The FDA granted approval for isatuximab-irfc (Sarclisa) in combination with bortezomib, lenalidomide, and dexamethasone (VRd) for newly diagnosed multiple myeloma patients ineligible for autologous stem cell transplant on September 20, 2024. This approval was based in part on the IMROZ trial (NCT03319667), which randomized 446 patients aged 80 or younger in a 3:2 ratio to receive isatuximab plus VRd or VRd alone. The IMROZ trial reported a median PFS not reached for the isatuximab arm compared to 54.3 months for the control arm, with a hazard ratio of 0.60, according to trial records.

Additional ongoing trials include a high-risk smoldering multiple myeloma study (NCT04270409) evaluating isatuximab combined with lenalidomide and dexamethasone, and the GMMG-HD8 trial (NCT05804032), which is assessing subcutaneous isatuximab in newly diagnosed multiple myeloma patients. These studies aim to further define the role of subcutaneous isatuximab in various treatment settings.

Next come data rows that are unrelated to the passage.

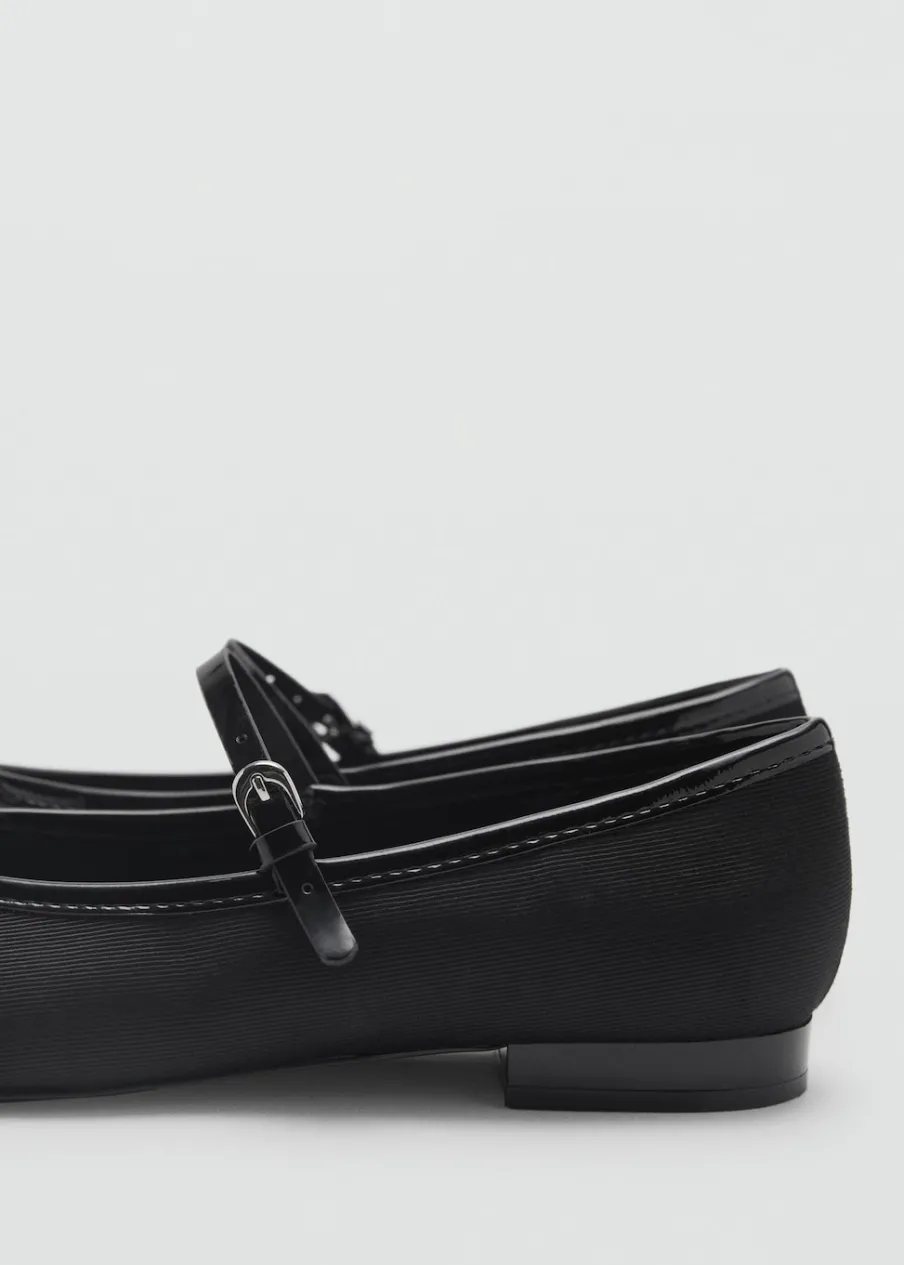 Okrągły nosek. Płaska podeszwa. Zapięcie na pasek ze sprzączką. Ozdobna kokardka. Wewnętrzna podszewka.
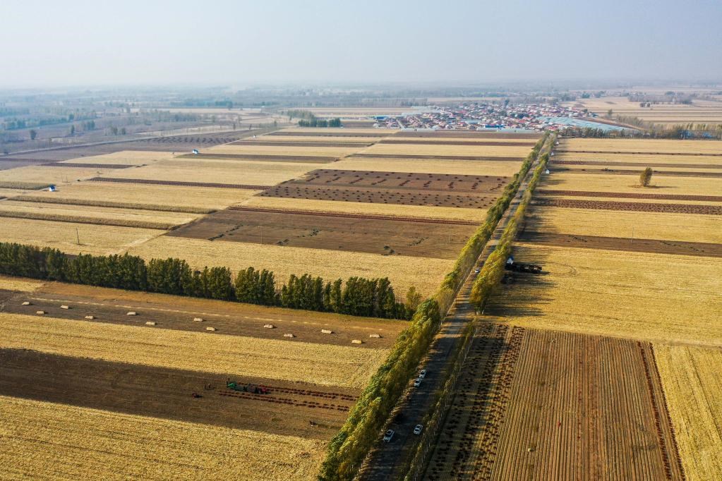 10月25日,在內(nèi)蒙古自治區(qū)通遼市開魯縣東風鎮(zhèn),一些地塊上的玉米和紅干椒已經(jīng)收割結束。(無人機照片)新華社記者連振 攝
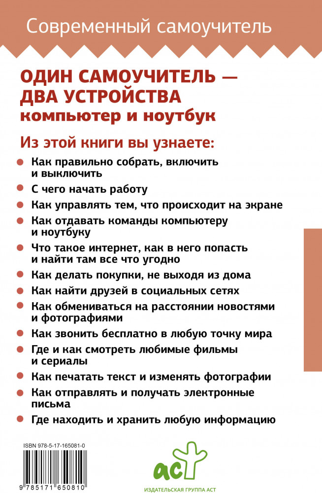 Ноутбук и компьютер совсем просто и очень быстро. Современное руководство для любого возрастаВ данный момент этот товар отсутствует в продаже. Возможно, у нас найдется аналогичный или похожий товар здесь. Серия: Современный самоучитель Перед вами новейший самоучитель, который научит вас пользоваться сразу двумя устройствами — компьютером и ноутбуком! Только самая свежая и актуальная информация. Главная особенность книг Ивана Жукова — простота. В них нет сложных слов, длинных объяснений и ненужной информации. Все описано по шагам, и каждый сопровождается картинкой. Начав с самых азов, к концу чтения вы сможете полноценно пользоваться любым из этих устройств, в том числе искать информацию в интернете, делать там покупки, смотреть фильмы и бесплатно общаться с любым человеком, где бы он ни находился. Этот самоучитель рассказывает о самых современных компьютерах и ноутбуках (с операционной системой Windows 11), но написан так, что, даже если устройство у вас старое, вы легко разберетесь в нем с помощью этой книги. Вас всему научит одна эта книга! Главное — сразу пробовать то, что в ней написано, — так вы освоитесь гораздо быстрее. |

Sanofi’s development of the subcutaneous formulation through the IRAKLIA and IZALCO studies is part of a broader effort to improve access to care and patient convenience in multiple myeloma treatment, according to company officials. The OBDS represents a novel delivery mechanism intended to reduce infusion-related burdens and clinic time, with ongoing nurse feedback and patient experience data supporting its use.

The FDA’s setting of the PDUFA date for subcutaneous isatuximab signals regulatory progress toward expanding treatment options for relapsed/refractory multiple myeloma. The approval decision will follow a comprehensive review of the IRAKLIA phase 3 data and associated safety and efficacy results, officials said.